→ Stored items from a collection:
BEGIN
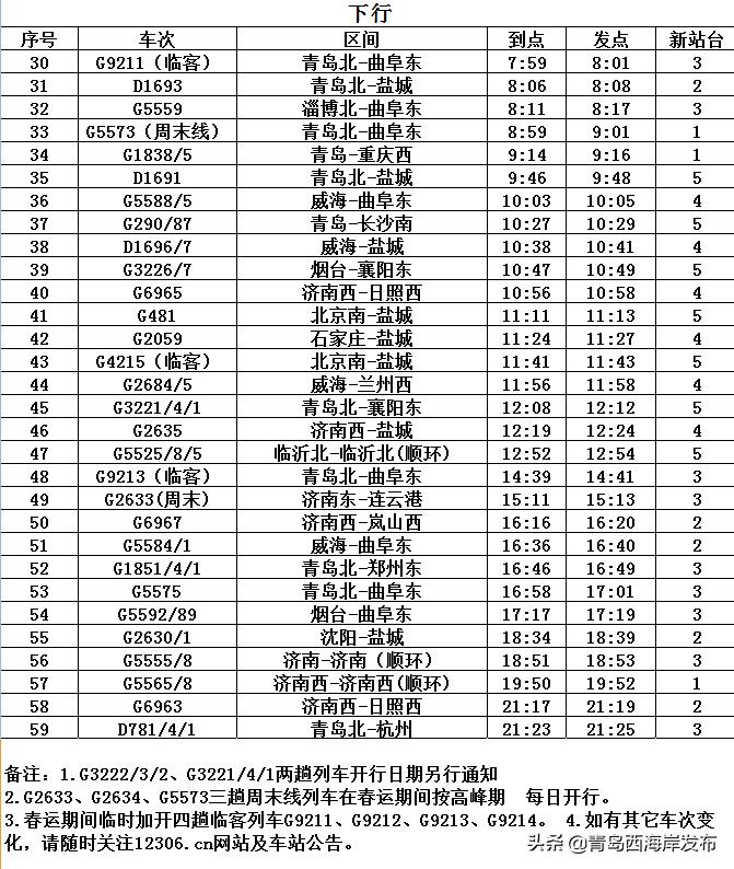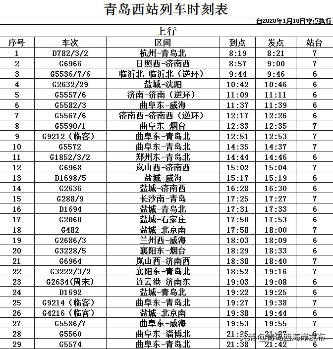 @青岛人 最新发布!青岛西站最新时刻表,注意查收
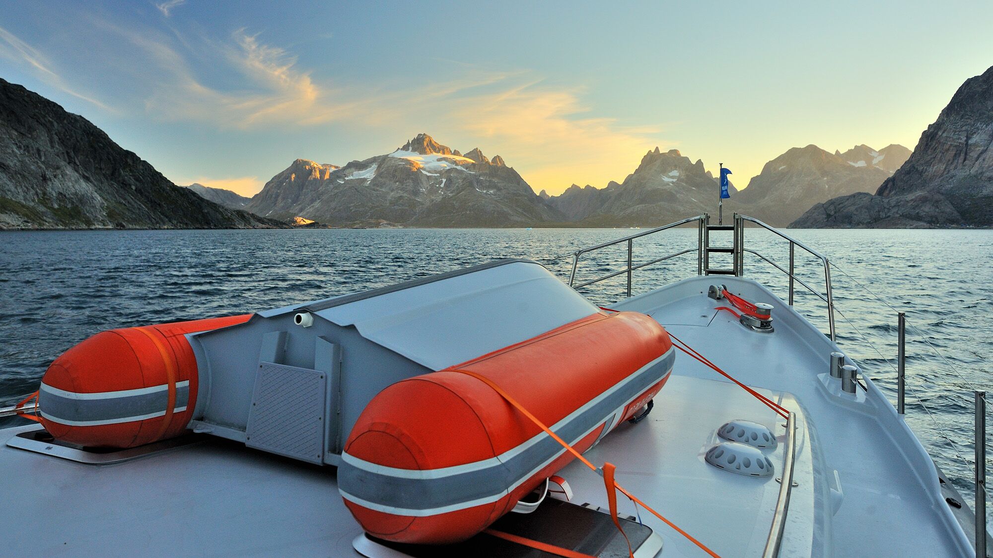 After three straight days and nights of sailing, the mountain tops of Greenland appear. White and blue, covered in glaciers and snow. Excited, we gaze through the monocular, trying to spot icebergs surrounding the cape heading south, before continuing their way northwest. Soon we find a few, despite the summer season, and many more would follow.
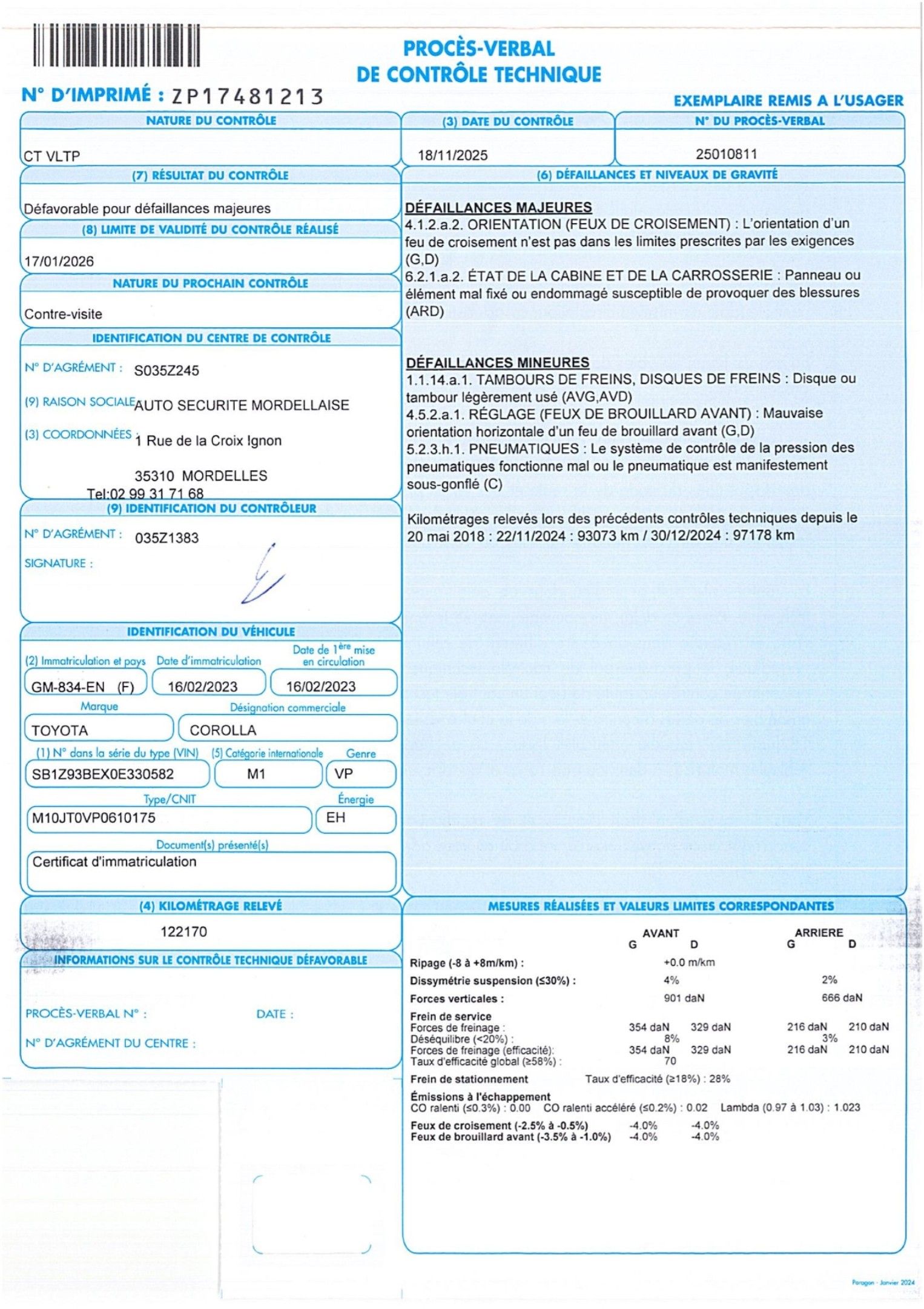 TOYOTA COROLLA TOURING SPORTS 1.8 VVT-I 16V GPS 122 HSD CVT 98 CV - Registration: GM-834-EN - Type: PC - Body: BREAK - Energy: EH - Color: WHITE - Mileage: 122170 - 1ere M.E.C: 16/02/2023 - Power: 5 - Vat recoverable - Seats: 5 - Remarks : SOLD WITHOUT REGISTRATION - WITH FIV
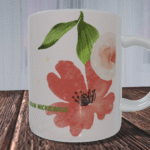 Kubek zdobią delikatne, różowe kwiaty, które dodają mu uroku i subtelności. Te kwiatowe wzory są nie tylko estetyczne, ale również wprowadzają atmosferę spokoju i romantyzmu. Różowe i zielone detale doskonale komponują się z białym tłem kubka, tworząc harmonijną i przyciągającą wzrok całość.
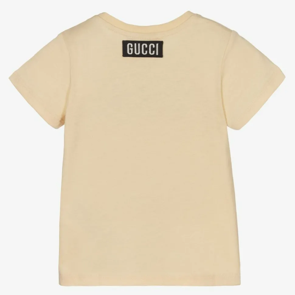 Beige T-shirt for little boys by luxury Italian brand Gucci, made in soft cotton jersey. The front has a green and blue 'Cat-chy' cats print on the front, inspired by the works of 19th century illustrator Louis Wain. There is a black and white Gucci patch on the back, with popper fastenings on one shoulder.
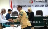 Sidang lanjutan pemeriksaan dugaan pelanggaran pendaftaran calon peserta Pemilu 2019 di Kantor Bawaslu, Thamrin, Jakarta Pusat, Senin (13/11). Dalam sidang tersebut terungkap bahwa sipol belum terdaftar di Kemenkominfo. (FOTO : Republika/Dian Erika Nugraheny)
END
→ PROBLEM:
Your answer must be an exact transcription of every entry, minus the pictures.

→ RESPONSE TO THE EXERCISE:
 @青岛人 最新发布!青岛西站最新时刻表,注意查收
 After three straight days and nights of sailing, the mountain tops of Greenland appear. White and blue, covered in glaciers and snow. Excited, we gaze through the monocular, trying to spot icebergs surrounding the cape heading south, before continuing their way northwest. Soon we find a few, despite the summer season, and many more would follow.
 TOYOTA COROLLA TOURING SPORTS 1.8 VVT-I 16V GPS 122 HSD CVT 98 CV - Registration: GM-834-EN - Type: PC - Body: BREAK - Energy: EH - Color: WHITE - Mileage: 122170 - 1ere M.E.C: 16/02/2023 - Power: 5 - Vat recoverable - Seats: 5 - Remarks : SOLD WITHOUT REGISTRATION - WITH FIV
 Kubek zdobią delikatne, różowe kwiaty, które dodają mu uroku i subtelności. Te kwiatowe wzory są nie tylko estetyczne, ale również wprowadzają atmosferę spokoju i romantyzmu. Różowe i zielone detale doskonale komponują się z białym tłem kubka, tworząc harmonijną i przyciągającą wzrok całość.
 Beige T-shirt for little boys by luxury Italian brand Gucci, made in soft cotton jersey. The front has a green and blue 'Cat-chy' cats print on the front, inspired by the works of 19th century illustrator Louis Wain. There is a black and white Gucci patch on the back, with popper fastenings on one shoulder.
 Sidang lanjutan pemeriksaan dugaan pelanggaran pendaftaran calon peserta Pemilu 2019 di Kantor Bawaslu, Thamrin, Jakarta Pusat, Senin (13/11). Dalam sidang tersebut terungkap bahwa sipol belum terdaftar di Kemenkominfo. (FOTO : Republika/Dian Erika Nugraheny)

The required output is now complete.